"Universal" differential identities

Let's work in two dimensions for notational simplicity. We claim that there is no non-trivial polynomial identity of the form $$ P( f, f_x, f_y, f_{xx}, f_{xy}, \dots ) = 0$$ relating some finite number of derivatives of $f$, for any smooth $f$. Suppose for contradiction that this is the case. Taking a functional derivative (i.e. replacing $f$ by $f+ \varepsilon g$ for arbitrary smooth $g$, and then differentiating at $\varepsilon=0$, one obtains a linearised (in $g$) identity of the form $$ P_f(f,f_x,\dots) g + P_{f_x}(f,f_x,\dots) g_x + \dots = 0.$$ Now, at any point in space, the values of finitely many of the various derivatives $g, g_x, g_y, \dots$ are completely unconstrained (as can be seen by taking $g$ to be a finite Taylor series around that point). So the only way the above identity can hold for all $f$ and $g$ is if one has $$ P_f(f,f_x,\dots) = 0$$ $$ P_{f_x}(f,f_x,\dots) = 0$$ etc.. By induction on the degree of $P$, this can only happen if $P_f, P_{f_x}, \dots$ vanish identically, so that $P$ is constant, hence zero, so the identity is trivial.

Edit: after the edits of OP this seems to be an incomplete answer.

Are there relations in this ring which are not consequences of the fundamental relation (1)?.

If by this ring you mean the subring of Maps($C^\infty(\mathbb{R}^n),C^\infty(\mathbb{R}^n)$) generated by partial derivatives (where I consider composition as multiplication), then the answer is, no. Indeed, the map from $\mathbb{Z}[v_1,\ldots,v_n]$ (the free commutative ring in $n$ generators, aka polynomials with integer coefficients), to Maps($C^\infty(\mathbb{R}^n),C^\infty(\mathbb{R}^n)$), sending each generator $v_i$ to the partial derivative operator $D_i$ is injective, since from

$\sum_{\alpha\in\mathbb{N}^n} c_\alpha D^\alpha (f)=0$ for all functions $f\in C^\infty(\mathbb{R}^n)$,

we can conclude that all coefficients $c_\alpha\in \mathbb{Z}$ are zero, by applying it to monomial functions $f(x_1,\ldots,x_n)=x^\alpha$. (Here $\alpha =(\alpha_1,\ldots,\alpha_n)$ is a multi-index and $x^\alpha = x_1^{\alpha_1}\cdots x_n^{\alpha_n}$ etc.)

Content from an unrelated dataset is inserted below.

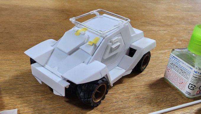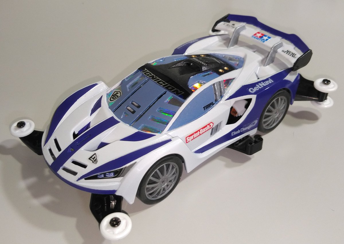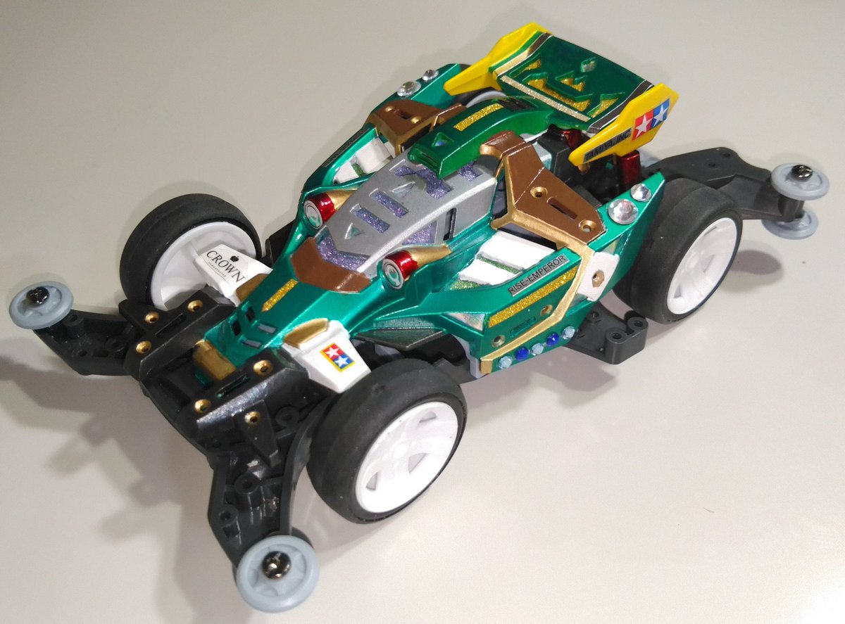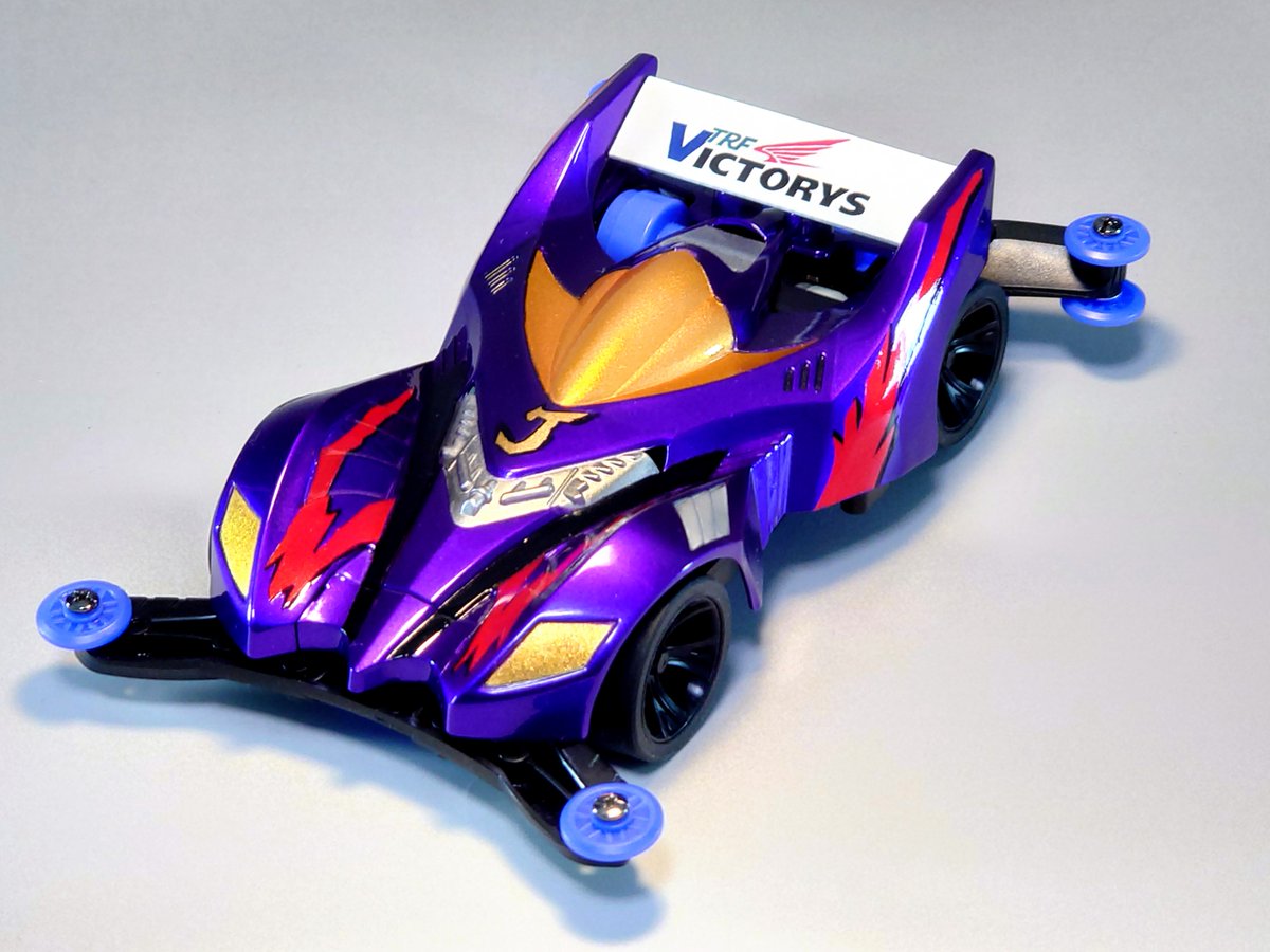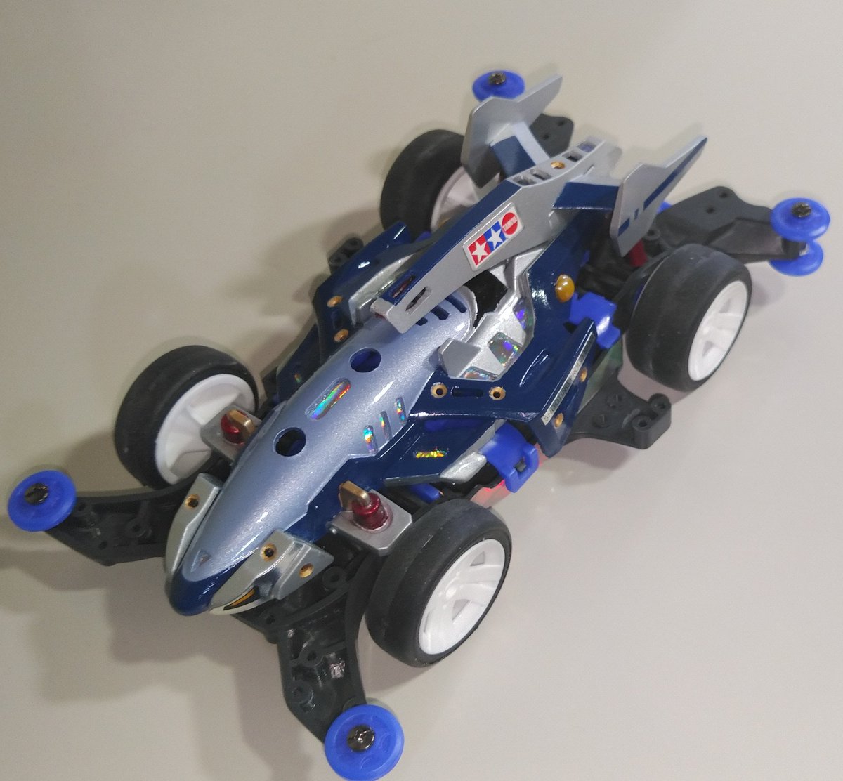 #個人的に今年1番頑張ったプラモデル見せてください どの作品も全力を出しているつもりなので、1番頑張ったという表現は違和感があるけれど。敢えて挙げればロードナイト。 レーザーパーツとミキシングしたカウルの調整にめっちゃ苦戦しました。 #mini4wd #ミニ四駆 #MINI4KING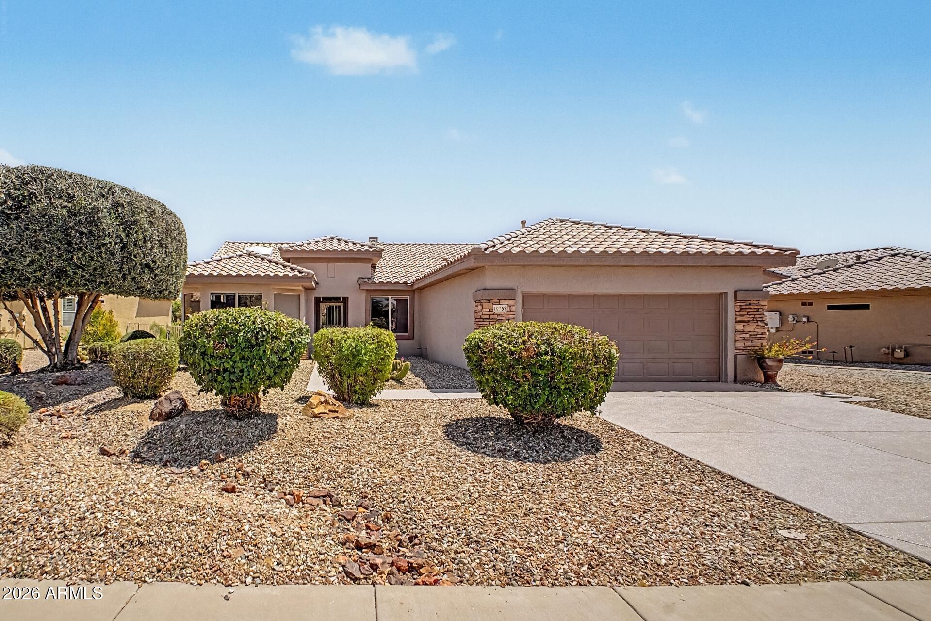 Beautifully maintained single-story home in Sun City Grand! Popular Coronado floorplan featuring 2 bedrooms, 2 bathrooms plus a versatile den/office. Bright eat-in kitchen with bay window, stainless steel appliances, and plenty of cabinet space. Spacious primary suite includes a sitting area, walk-in closet, and views of the backyard. Enjoy Arizona living with a private pool, covered patio, and large 9,000+ sq ft lot with mature landscaping and fruit trees. Recent updates include a new HVAC system (2022). Located in a sought-after active adult community with golf, pickleball, tennis, and more. Move-in ready! All furniture pictured conveys with the property. Buyer to verify all facts and figures.

Consider the ring of $\mathcal{D}(n,k)$ of polynomial differential operators of $k$ smooth functions $f_1(x_1,\ldots,x_n), \ldots, f_k(x_1,\ldots, x_n)$ of $n$ variables. That is every element of $P \in \mathcal{D}(n,k)$ is a polynomials $P(x;f,\partial f, \partial^2 f, \ldots)$ in $f$ and finitely many of its partial derivatives, with coefficients being smooth functions of $x$. All of your examples fit into this category. Actually, $\mathcal{D}(n,k)$ is not only a ring, but also a differential ring; it has $n$ independent derivations commuting, $\partial_i \partial_j = \partial_j \partial_i$, and satisfying the Leibniz rule, $\partial_i(PQ) = (\partial_i P) Q + P (\partial_i Q)$. Also, it has the differential subring $\mathcal{D}(n,0) \subset \mathcal{D}(n,k)$ consisting of smooth functions of $n$ variables, with the usual action of partial derivatives on them.

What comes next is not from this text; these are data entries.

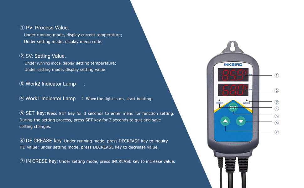 - Dual Display Windows: Display the measured temperature and set temperature at the same time; Temperature calibration, over-temperature and sensor fault alarm; Maximum output load 1200 W (110 V)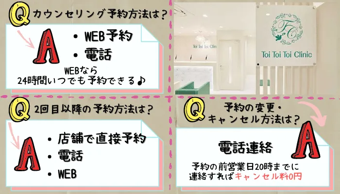 続いて、トイトイトイクリニック新宿院の予約方法と予約の変更、キャンセル方法について紹介します。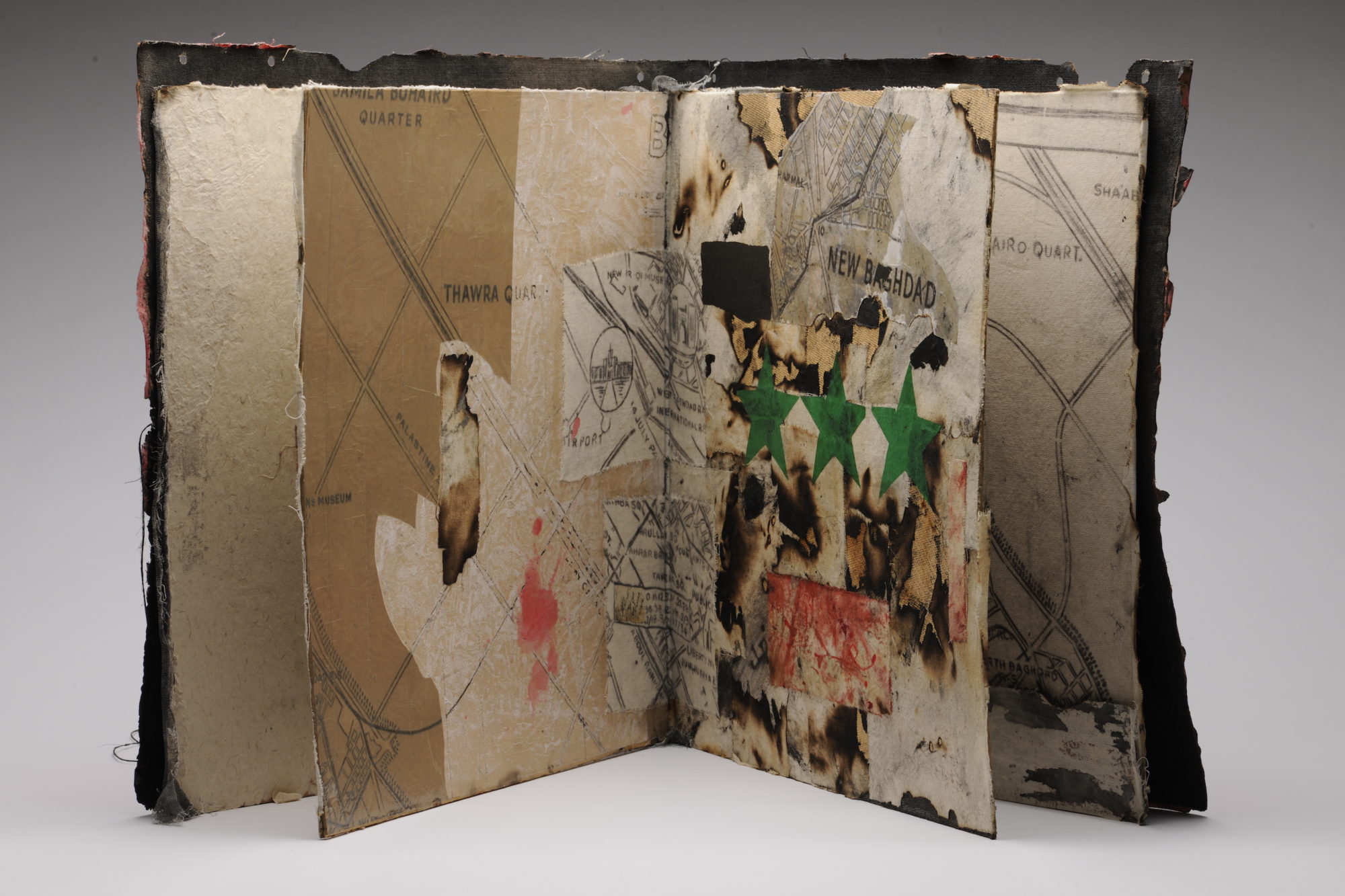 Another Iraqi artist whose dafatir are particularly striking is Hanaa Malallah, who left Baghdad in 2006 and now lives in London. Her dafatir follow what she calls a “ruins technique”—their pages burned and, as it were, attacked, like relics of violence rather than representations of it. Nada Shabout writes in the exhibition catalog that such works offer “a contemplative space in which to articulate the contemporary moment through an abstraction akin to that of installation, offering a full exhibition through its various pages as a complete, discrete project, and as such provides an alternative interpretation of monumentality.” In other words, the space between the covers of a book allows for a grand scale in the imagination, if not in literal space like an installation. Such books burrow into a space of intimacy and enlarge it to convey a realm of experience that is at once collective and individual. Ghassan Ghaib, who now lives in Los Angeles, offers in his Homage to al-Mutanabbi Street 1 (2007), a book-object closed in on itself, at once destroyed and preserved, tied shut with barbed wire. Its explosive content, which we can only imagine, seems to be contained, but only under immense pressure.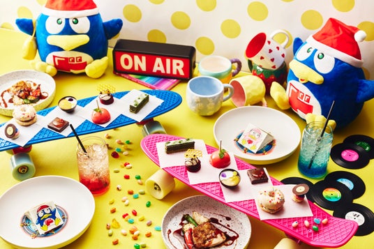 今回のアフタヌーンティーでは、ドン・キホーテのマスコットキャラクター「ドンペン」「ドンコ」をはじめ、同ブランドのポップでキャッチーなカラーやユーモラスな世界観を、渋谷のポップカルチャーを讃えるホテルインディゴ東京渋谷ならではの感性で表現します。ネイバーフッドストーリーを象徴する渋谷のレコード文化や、ドン・キホーテの人気商品などをモチーフに、フランス菓子のテクニックと現代ポップカルチャーを掛け合わせた、カラフルで遊び心溢れるスイーツをご用意いたします。

Now, one can make the following statement:

The differential ring $\mathcal{D}(n,k) \cong \mathcal{D}(n,0)[f_1,\ldots, f_k]$ is a differential ring extension of $\mathcal{D}(n,0)$ freely generated by adjoining the generators $f_1, \ldots, f_k$.

Does this statement answer your question? The only identities used in the construction of the extension to $\mathcal{D}(n,k)$ from $\mathcal{D}(n,0)$ are those satisfied by all differential rings, namely the commutativity of the derivations (which just partial derivatives, in this case) and the Leibniz rule.